Discussion in 'Helping an Addicted Friend' started by Friele, Nov 20, 2014.

  1. Friele

    Friele Member

    What are the things I can do , say and how do I act around my friend in these circumstances to help ?
    So many people say you should never get yourself in a setting where you can be tempted again, but being a young person( at heart and spirit at least) not going out dancing, or to a concert hamper life in a very negative way for most.
    So how do you help out and stay a positive force for your friend in those places?

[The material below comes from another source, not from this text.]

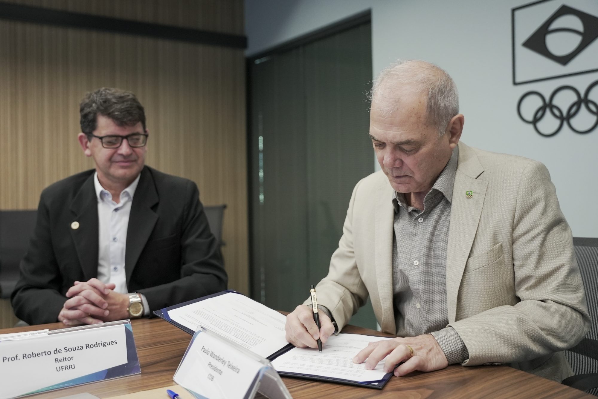 A UFRRJ assinou, na terça-feira (22/8), Acordo de Cooperação com o Comitê Olímpico do Brasil (COB) intitulado “Programa de Educação e Prevenção ao Doping no Esporte Olímpico Brasileiro”. Além do presidente do COB, Paulo Wanderley Teixeira, estiveram presentes pela UFRRJ o reitor Roberto Rodrigues; o pró-reitor de Pesquisa e Pós-graduação José Luis Luque; e os professores Marcelo Zamith (Departamento de Ciência da Computação/IM), Leandro Alvim (Departamento de Ciência da Computação/IM), Filipe Braida (Departamento de Ciência da Computação/IM) e Anderson Luiz Bezerra da Silveira (chefe do Departamento de Educação Física e Desportos).

    We are planning on going to Burning Man next year, and have already been in contact with a few other ex-addicts who have attended a few times and are told it is not a problem, what do you think? Are there any great festivals out there with a section for us non-drinkers and substance users to have fun and hang out?
  2. gmckee1985

    gmckee1985 Senior Contributor

    You're just going to have to stay on them. Have to remind them how far they have come and what they can possibly lose if they "fall off the wagon", so to speak. I think the best idea is just to avoid places where there are a lot of drugs and alcohol. Of course, you can't avoid it completely if you want to live a full life. But putting them into those type of situations repeatedly is irresponsible. You need to make sure they are strong enough mentally to overcome it.
  3. Friele

    Friele Member

    I was looking for some advise, and to hear from others about how they do it.
    To have a few strategies , the " don't go there" is not what I am asking about. We go to dance and hear music, not to drink or do drugs, and in many of those places the opportunity to do both are in various degrees.

    And to the point, I was asking if there are someone who have been or heard of places where the "sober" gather during concerts, festivals and dance places. That would be very helpful, there are a number of people who does not drink just because they don't like it or never started, so there must be more people out there , but where are they?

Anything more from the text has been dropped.